Thankfully, OpenAI has an API you can use to iterate through all the prompts you like, and store the outputs.

You’ll need an API key to do this. So the first step here is to head into your OpenAI account and get an API key. At the moment of writing, you should be able to automatically get a GPT3.5 key, but may have to get on a waiting list for a GPT4 key. Subscribing to their paid service may also be necessary.

Once you’ve got the key, you’re good to go. Both R and Python (and some other languages and platforms) have openai packages available on standard platforms for download. Once you’ve got them, it’s just a matter of putting in your API key and sending in some prompts. Send ‘em in a loop and store the output, and then do what you like with it.

The package has similar syntax and options in R and Python, as you might expect. I’ll discuss some of the options below. One thing I’ll point out is that you are not limited to ChatGPT-style chat responses (although you can get these by asking for “chat completions”, create_chat_completion() in R and openai.ChatCompletion.create() in Python. Note that, at least by default, this won’t let you carry on a conversation like you typically can in a ChatGPT window. Each API call is a new conversation.

The API gives you access to a bunch of different OpenAI models, including those for image creation, translation, and speech-to-text.

Here’s an example of getting some chat completions. It uses the R version of the package because I’ll use that over Python when I can, and I won’t be able to (or at least it’s not nearly as supported) for most of my LLM experience.

library(openai)

Sys.setenv('OPENAI_API_KEY' = 'YOUR API KEY HERE')

my_prompts = c('Pass the peas.','Gimme some more.')

# model could also be 'gpt-4'
get_openai_chat_response = function(prompt, model = 'gpt-3.5-turbo') {
  resp = create_chat_completion(model = model, 
                                messages = list(list(role = 'user',
                                                     content = prompt)))
  just_the_response = resp$choices$message.content
  return(just_the_response)
}

# loop over the prompts and get responses for each
responses = sapply(my_prompts, get_openai_chat_response)

# If you prefer it in a data.frame
responses_data_frame = data.frame(prompt = my_prompts,
                                  responses = responses)

responses
# Pass the peas. 
# "I'm sorry, as an AI language model, I do not have actual peas to pass. But I can help you answer any questions or strike up a conversation if that would help!" 
# Gimme some more. 
# "More what? Please provide more context or information for me to provide a relevant response."

2. Fine-Tuning Responses

One illusion you can get while getting responses from ChatGPT is to think that there is a LLM response you can get. Like “I asked ChatGPT and here’s what LLMs say!” This is because ChatGPT does not let you adjust the model’s parameters or access its uncertainty in any obvious way. Instead they’ve picked a single set of parameters that they think make for a good chat experience.
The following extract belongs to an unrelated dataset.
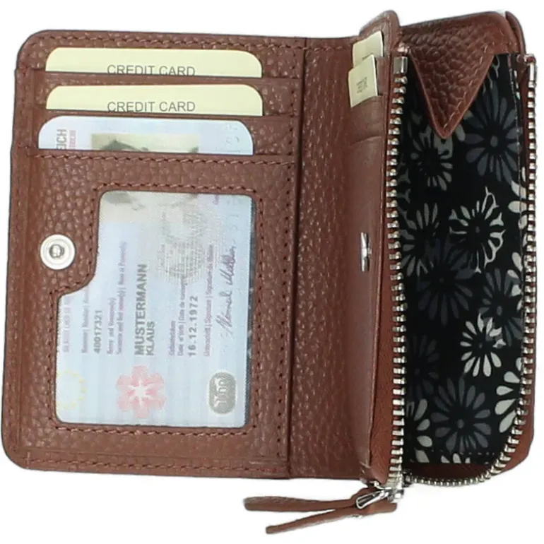 Deze cognac portefeuille heeft een hoogte van 8 cm, een breedte van 11 cm en een diepte van 2 cm.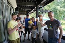 白馬村岩岳のクラフトビールの醸造所「HakubaBrewingCompany」でこのほど、「白馬村、ありがとう!会」イベントが開かれた。同所で白馬村産のクラフトビールを醸造・販売してから1周年が過ぎ、これまで支えてくれた人へ感謝を示そうと、初めて企画。支援者や友人知人ら100人余りが参加し、醸造所を営むコウバーン・ダニエルさん、ベイコン・ダニエルさんが醸した自慢のビールのふるまいで、交流を深めた。 |

There are a few things to know about getting LLM responses.

The first is that LLMs don’t just have one way of returning a response. They have different settings, for one. A prominent one you should know about is temperature, which is a setting you’ll find in a lot of LLMs. Temperature, roughly, is “how creative should the response be?”

When an LLM is predicting what the next word is, it generates a probability distribution of what word is likely to come next. What follows “I went to the” in the training data? There’s a decent chance that it’s “store” and a much lower chance that it’s “moon.” But the LLM will allow itself at random to pick options other than the most likely. A low-temperature text generation will bias itself heavily towards only the most-likely option, while a high-temperature text generation will pick low-probability options more often, making the responses more creative, but less likely to make sense or be “correct.”

You should think carefully about what temperature you might want for your application. Are good responses ones that really accurately map out the training data? Go low-temperature. Want something more creative and generative? High temperature.

The other thing to consider, along these lines, is that generation is probabilistic. You’ll get different responses to the same prompts by random chance alone. So when someone takes a ChatGPT screenshot of a single conversation they had and posts it to social media, that’s an indication of what ChatGPT can do, but it’s misrepresentative to say that that’s what it does. It does lots of different things!

If what you’re doing is trying to explore how LLMs perform and what they do, you’re likely going to want to get multiple responses to each prompt. Don’t limit yourself to N = 1 in your explorations. You wouldn’t do that in other analyses!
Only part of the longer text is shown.